Using only the entries below, output the lines starting at the one containing "Díky integrovaným kolečkům" and ending at the one containing "I guess that", exactly and inclusive of both, omitting the pictures.

---------- EXERCISE INPUTS

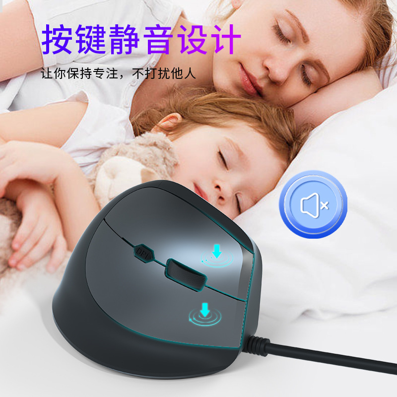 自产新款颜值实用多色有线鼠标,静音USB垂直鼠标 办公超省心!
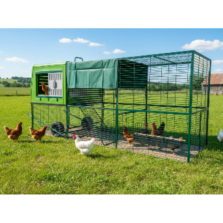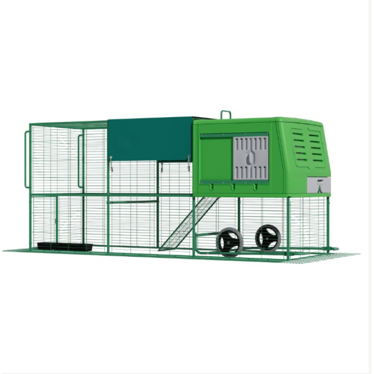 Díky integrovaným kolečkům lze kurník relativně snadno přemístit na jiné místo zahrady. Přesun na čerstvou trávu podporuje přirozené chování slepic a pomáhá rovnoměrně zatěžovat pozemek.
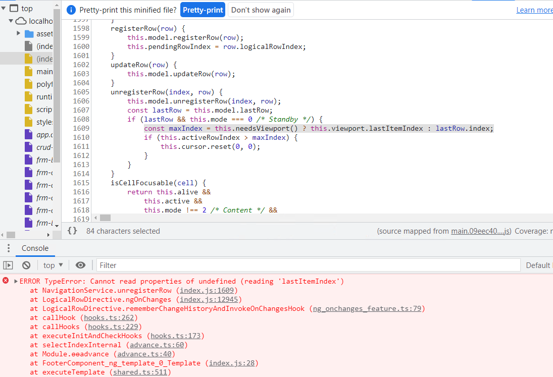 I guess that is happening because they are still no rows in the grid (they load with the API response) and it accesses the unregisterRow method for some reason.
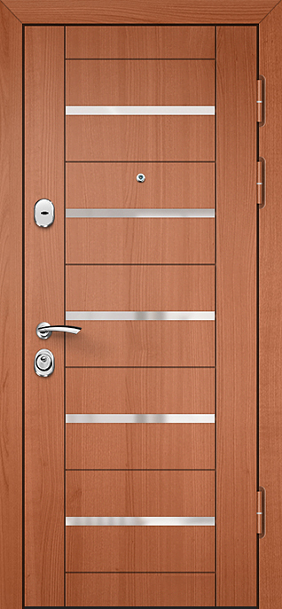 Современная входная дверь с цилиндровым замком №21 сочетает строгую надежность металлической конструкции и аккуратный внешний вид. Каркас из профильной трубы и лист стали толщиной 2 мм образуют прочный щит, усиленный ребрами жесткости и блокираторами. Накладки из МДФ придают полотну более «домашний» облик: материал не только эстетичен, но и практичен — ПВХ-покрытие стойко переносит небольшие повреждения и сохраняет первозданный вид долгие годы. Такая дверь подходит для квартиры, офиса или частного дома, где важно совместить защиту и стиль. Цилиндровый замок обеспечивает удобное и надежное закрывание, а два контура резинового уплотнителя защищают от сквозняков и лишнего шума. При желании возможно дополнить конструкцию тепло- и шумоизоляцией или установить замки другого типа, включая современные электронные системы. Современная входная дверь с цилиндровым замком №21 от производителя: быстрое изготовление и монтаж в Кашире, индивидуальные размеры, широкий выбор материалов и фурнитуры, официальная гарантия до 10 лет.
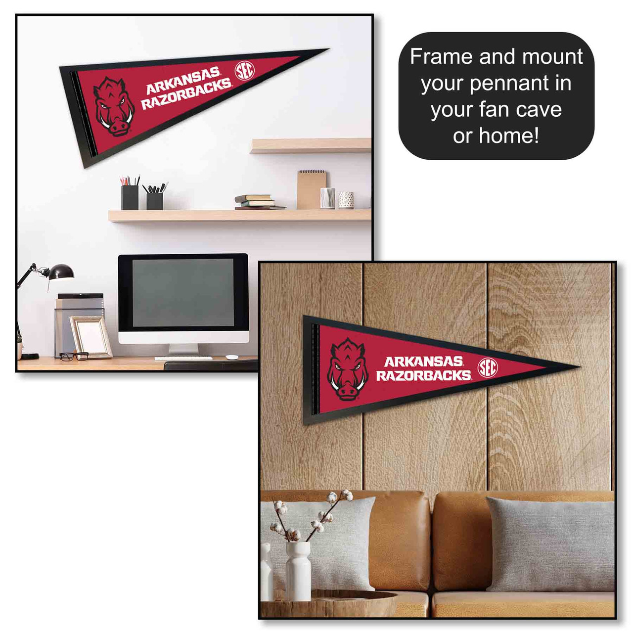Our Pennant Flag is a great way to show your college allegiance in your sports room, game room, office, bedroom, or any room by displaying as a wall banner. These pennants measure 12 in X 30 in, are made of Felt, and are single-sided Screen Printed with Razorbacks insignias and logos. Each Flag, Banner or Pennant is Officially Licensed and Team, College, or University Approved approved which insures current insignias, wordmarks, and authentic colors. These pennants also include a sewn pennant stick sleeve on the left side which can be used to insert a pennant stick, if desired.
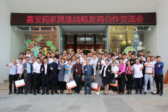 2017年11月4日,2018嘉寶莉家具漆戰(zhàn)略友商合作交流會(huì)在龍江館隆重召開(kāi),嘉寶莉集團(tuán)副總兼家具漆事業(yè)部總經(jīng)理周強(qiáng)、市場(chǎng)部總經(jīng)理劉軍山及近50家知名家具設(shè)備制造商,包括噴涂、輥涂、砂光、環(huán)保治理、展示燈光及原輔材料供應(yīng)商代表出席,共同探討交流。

--------------------

- **YOUR RESPONSE**
 Díky integrovaným kolečkům lze kurník relativně snadno přemístit na jiné místo zahrady. Přesun na čerstvou trávu podporuje přirozené chování slepic a pomáhá rovnoměrně zatěžovat pozemek.
 I guess that is happening because they are still no rows in the grid (they load with the API response) and it accesses the unregisterRow method for some reason.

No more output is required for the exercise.